What is expected:
The copy should hold exactly the lines below from the one that contains "3. února 2026" through the one that contains "Bronze Color Doctor" and nothing else, so no pictures.

Saved data entries
────────────────

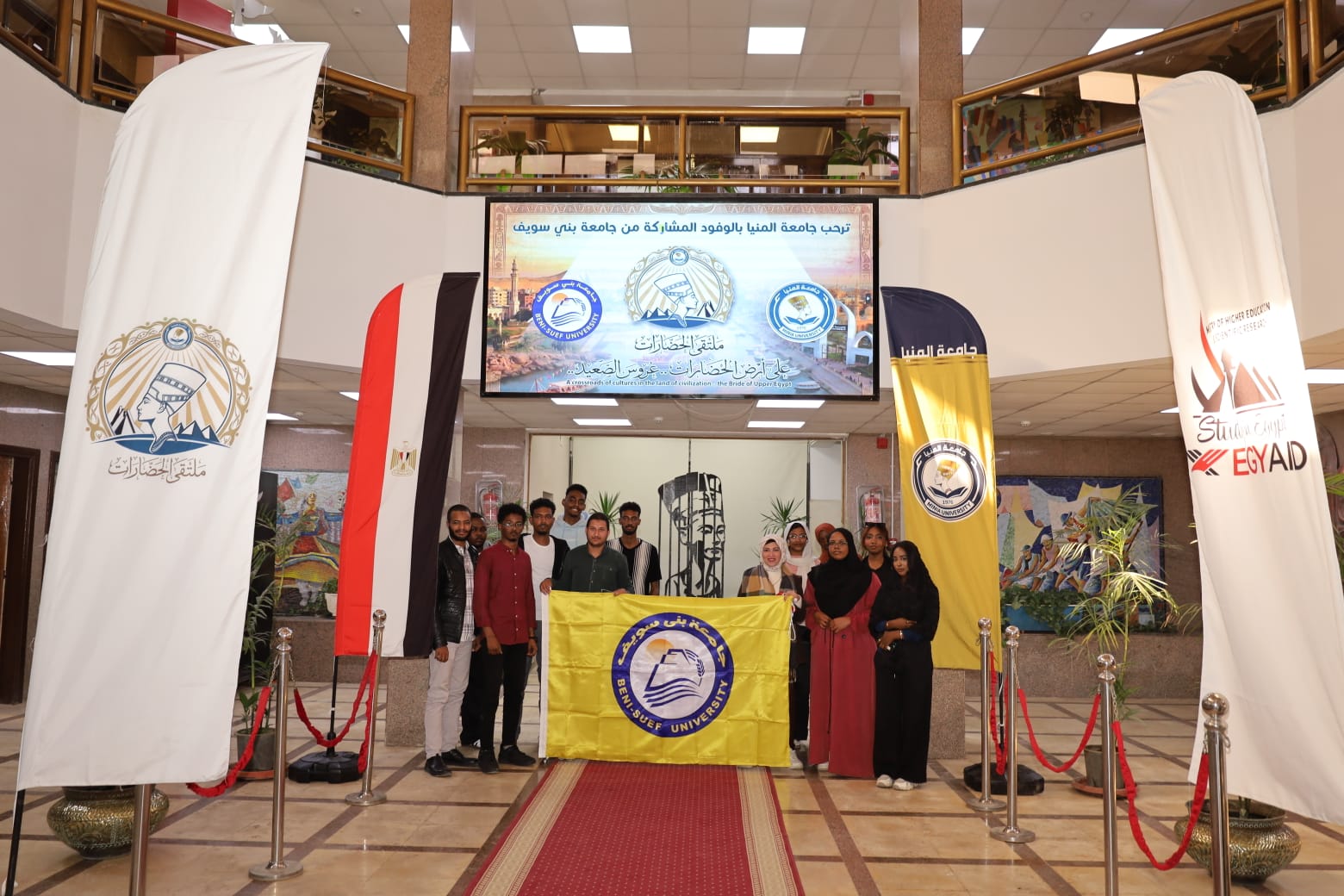 جامعة المنيا تستقبل وفود جامعات بني سويف والعاصمة وأسيوط من الطلاب الوافدين المشاركين بملتقى الحضارات من 13 جنسية من دول العالم دعمًا للاقتصاد القومي وتعزيزًا للترويج السياحي والتعليمي
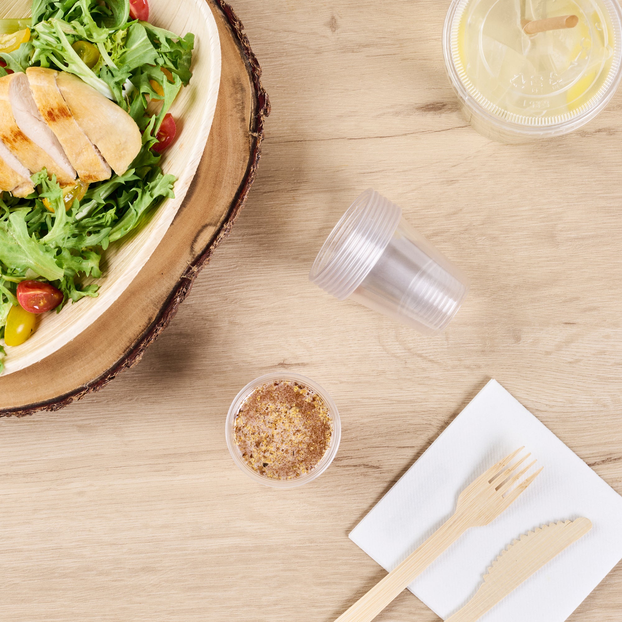 Enhance sustainability efforts. The Basic Nature Compostable 3 oz Portion Cup is designed with crystal-clear transparency, measuring 2.4 inches by 2.4 inches by 2.2 inches, to showcase sauces and dressings in an appealing way. These compostable portion cups are made from renewable resources and align with global sustainability goals. Perfect for cold food applications, this BPA-free, greaseproof plastic sauce cup is ideal for serving condiments without the risk of leakage. With its freezer-safe feature, it supports efficient pre-portioned meal prep, enabling foodservice establishments to manage inventory effectively while maintaining freshness. Elevate your food presentation and meet eco-regulations seamlessly with these biodegradable, PFAS-free portion cups. Each order includes 2000 Basic Nature Compostable 3 oz Portion Cups.
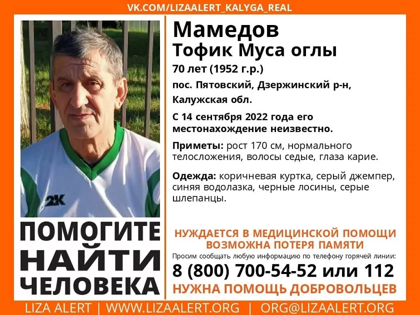 Тофик Муфаса оглы Мамедов проживает в посёлке Пятовский Дзержинского района. 14 сентября мужчина вышел из дома и не вернулся, с тех пор его местонахождение неизвестно.
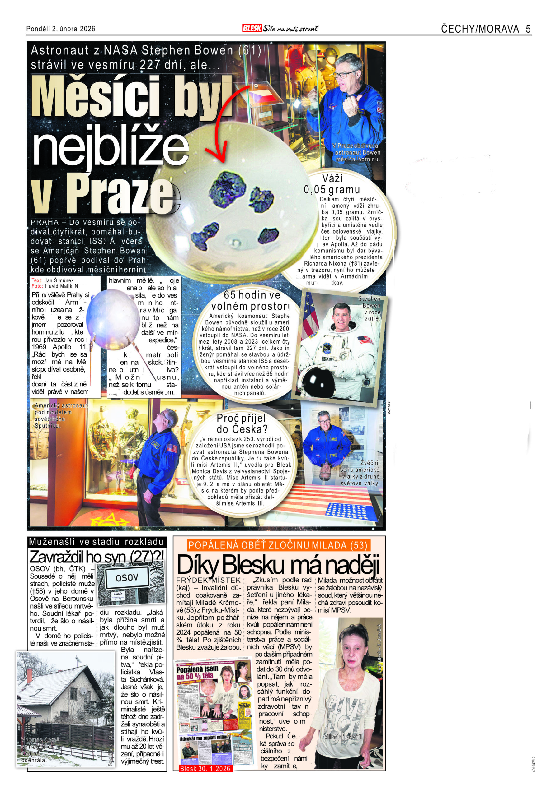 3. února 2026 - Blesk.cz - Astronaut z NASA Stephen Bowen (61) strávil ve vesmíru 227 dní, ale Měsíci byl nejblíže v Praze
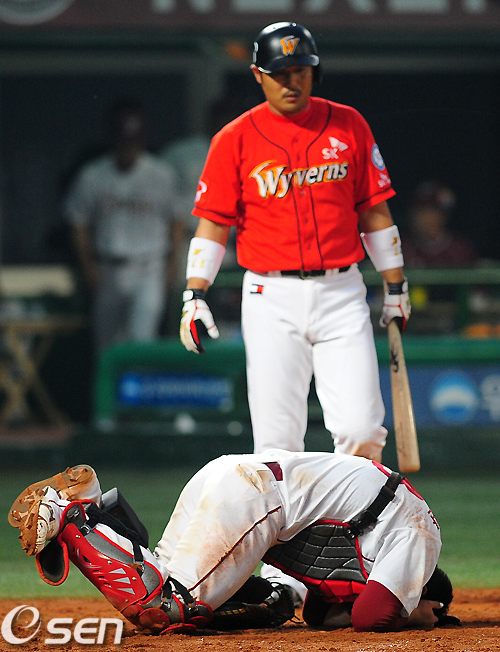 4회초 2사 주자 1,3루 SK 김강민의 파울타구가 넥센 허도환 포수의 급소쪽에 맞고 튕겨나오고 있다.
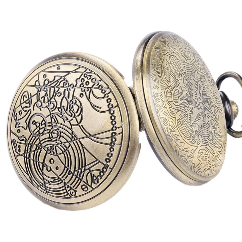 Bronze Color Doctor Who Theme Antique Pocket Watch With Dr. Who Symbols Design Glass Dome Pendant Packing With Gift Box
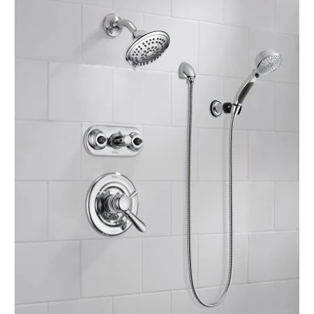 - Independent Volume Control: Dual-control valve trims are what separate Delta showers from the competition. The top, smaller handle controls temperature, while the bottom, larger dial controls the water volume (flow rate). The distinct advantage to this is that you can set the temperature control to a temperature you like, and then leave it, turning the shower on and off each time with the volume control. You’ll never have to fuss with the temperature again.
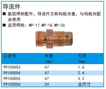 ·氩弧焊枪配件,导流件又称钨极夹套,与钨极夹配合使用 ·适用焊枪:WP-17,WP-18,WP-26
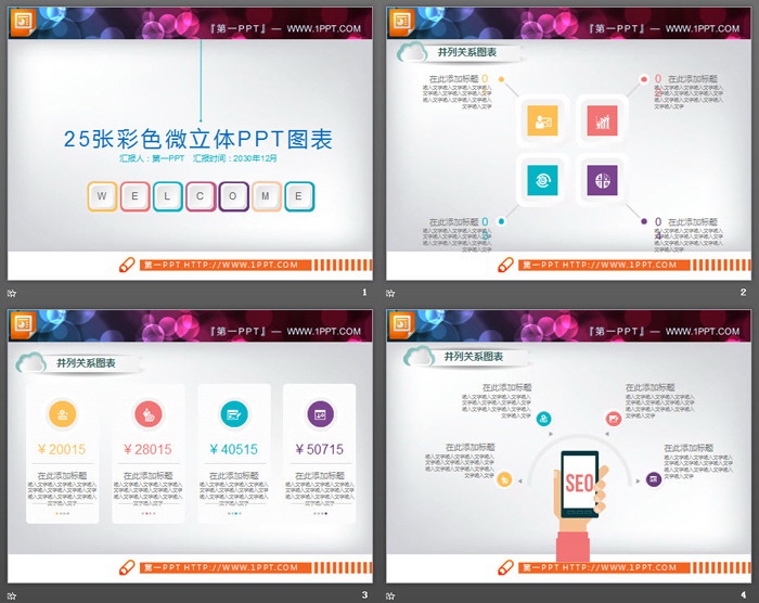 这是25张彩色微立体并列关系PPT图表,第一PPT模板网提供幻灯片图表免费下载。.PPTX格式;
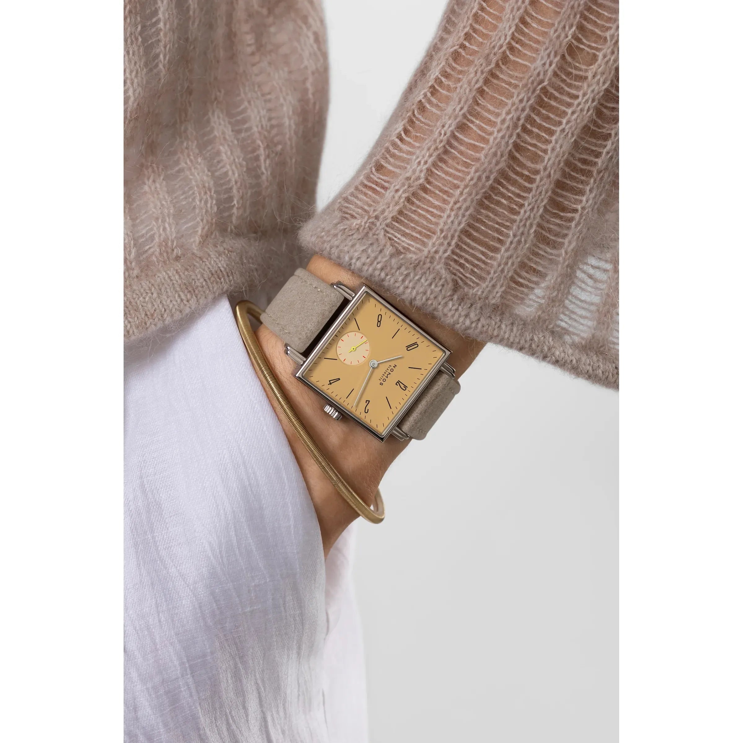 Drawn from pigments once treasured by artisans and ancient Egyptian royalty, Tetra Ochra glows with golden light. With its strikingly square case, this watch balances contemporary aesthetics with artisanal tradition. It also represents a philosophy—that true brilliance is found in the harmony of craft and character. The hand-wound caliber DUW 4001 at work within illustrates this with meticulous precision.
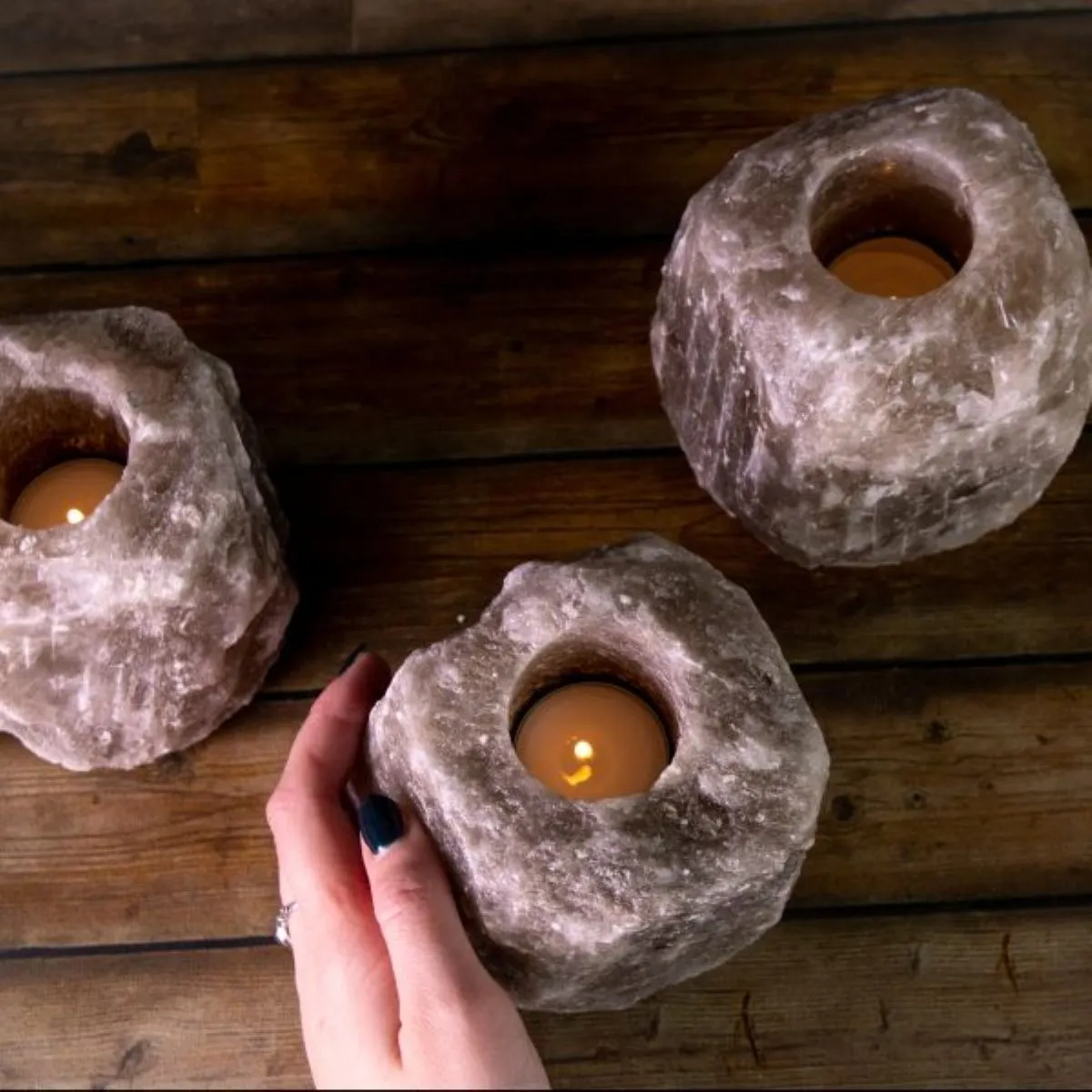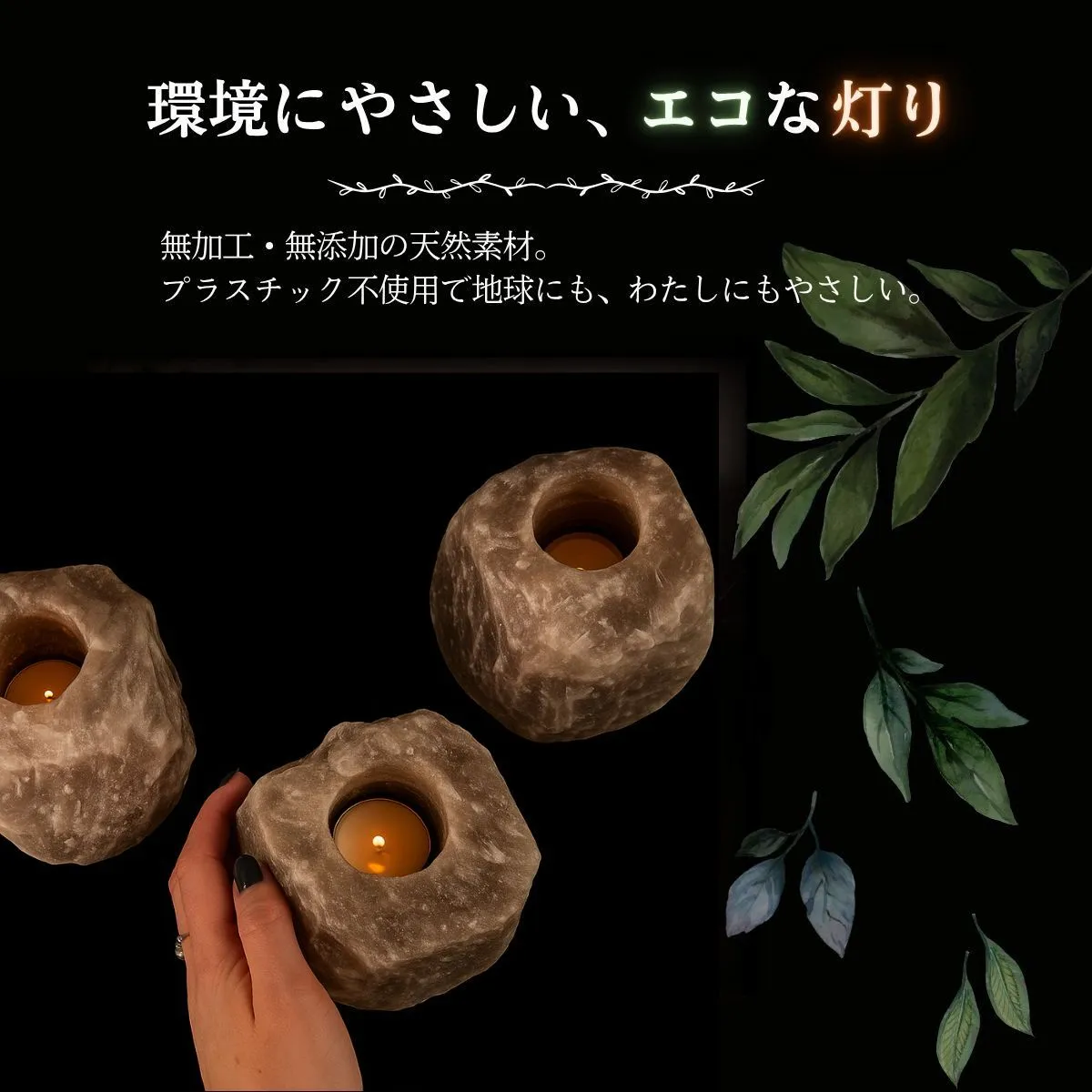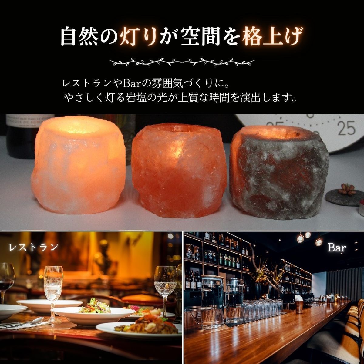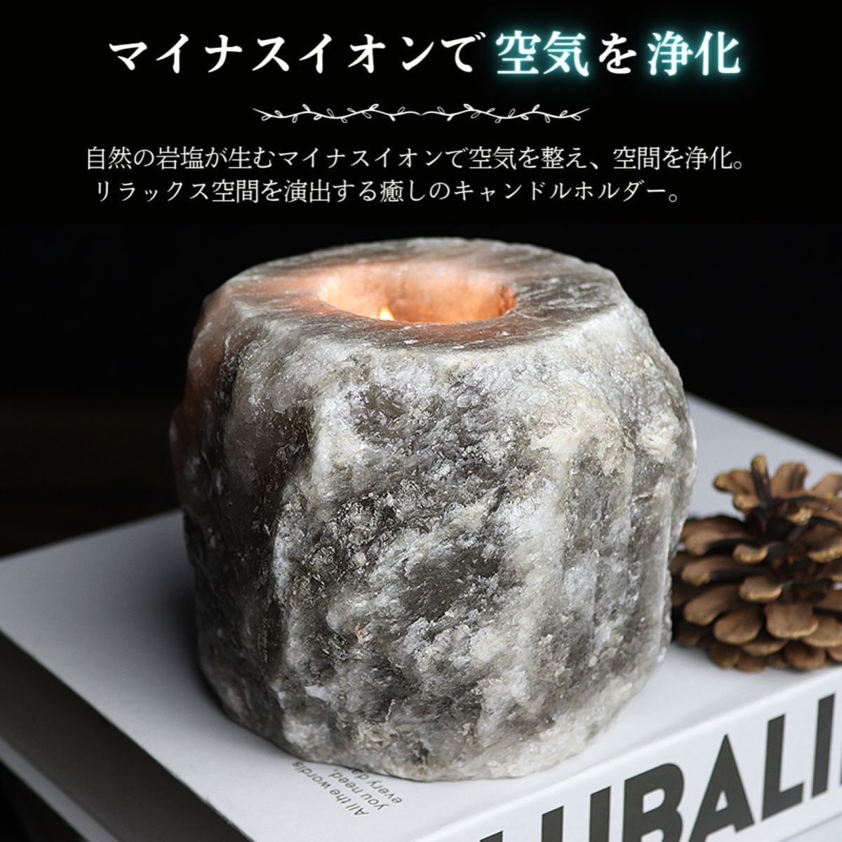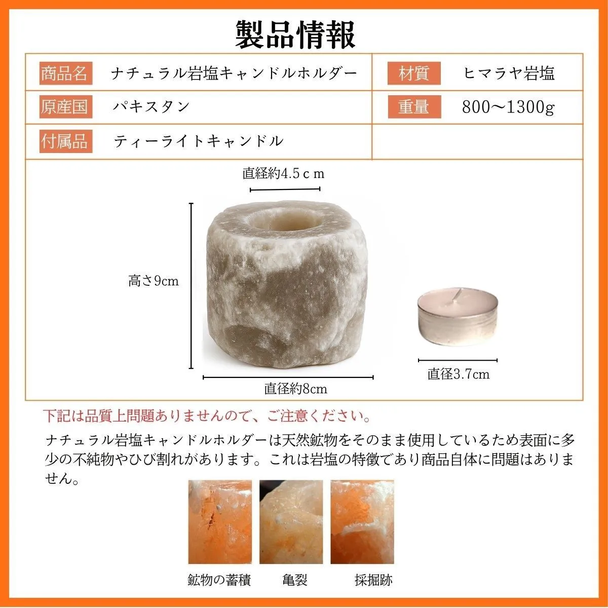 【サステナブルで地球にやさしい】 採掘後はほぼ無加工で製品化可能なため、添加物やプラスチックを使わず、ゼロウェイストな暮らしにもマッチ。自然派ライフスタイルにぴったりのエコ素材です。 ヒマラヤ岩塩と風水|開運アイテムとしての魅力 風水においても「邪気を払い、運気を整える石」として知られています。 自然のエネルギーを宿すとされ、以下のような効果が期待されています。 五行の「土」属性:住まいの安定・基盤づくりに ピンク岩塩の象徴:愛情・健康・人間関係運アップ おすすめ配置場所:玄関/寝室/洗面所/トイレ 「陽の気」を引き寄せる空間浄化アイテム 材質 ヒマラヤ岩塩 原産国 パキスタン サイズ 直径約8cm 高さ9cm 穴大きさ 直経約φ4.5cm 当店で販売しているクリアカップ使用可能 重量 800~1300g 付属品 ティーライトキャンドル ヒマラヤ岩塩の取り扱い注意事項 ヒマラヤ岩塩は天然素材のため、湿度が高い環境下(加湿器をかけた部屋・梅雨・浴室・結露のある部屋など)では空気中の水分を吸収し、表面に水滴が出たり、塩が溶ける場合があります。 ご使用の際はガラスや陶器の受け皿を敷くなど、周囲の家具や床が濡れないようご注意ください。 使用しない時は乾燥剤を入れた密閉容器で保管いただくと、状態をより長く保てます。 対策方法 以下のような対策をおすすめします ガラスや陶器製の受け皿を敷く 天気の良い日に天日干しをする。 (またはライトで加熱 LEDは温度が低いため乾燥しにくいです。) ご使用にならない時は乾燥剤を入れた密閉容器に保管する。またはジップロック等で外気と空気の遮断をしてください。 ドライヤーで軽く温めて乾燥させるのも効果的です。 ホコリ等が付着した場合は、乾いた布または水を固く絞った布で拭き取ってください。 注意事項 ※上記のサイズと重量は平均値です。 ※鉱物の蓄積、亀裂、採掘跡 ナチュラル岩塩キャンドルホルダーは天然鉱物をそのまま使用しているため表面に多少の不純物やひび割れがあります。 これは岩塩の特徴であり商品自体に問題はありません。 ※ナチュラル岩塩キャンドルホルダーは、型や大量生産を一切行わず、手作りで丁寧に仕上げているため、一つ一つ風合いが異なります。 ※この商品は食用、入浴用ではありません。観賞用としてお使いください。

────────────────

Exercise solution:
 3. února 2026 - Blesk.cz - Astronaut z NASA Stephen Bowen (61) strávil ve vesmíru 227 dní, ale Měsíci byl nejblíže v Praze
 4회초 2사 주자 1,3루 SK 김강민의 파울타구가 넥센 허도환 포수의 급소쪽에 맞고 튕겨나오고 있다.
 Bronze Color Doctor Who Theme Antique Pocket Watch With Dr. Who Symbols Design Glass Dome Pendant Packing With Gift Box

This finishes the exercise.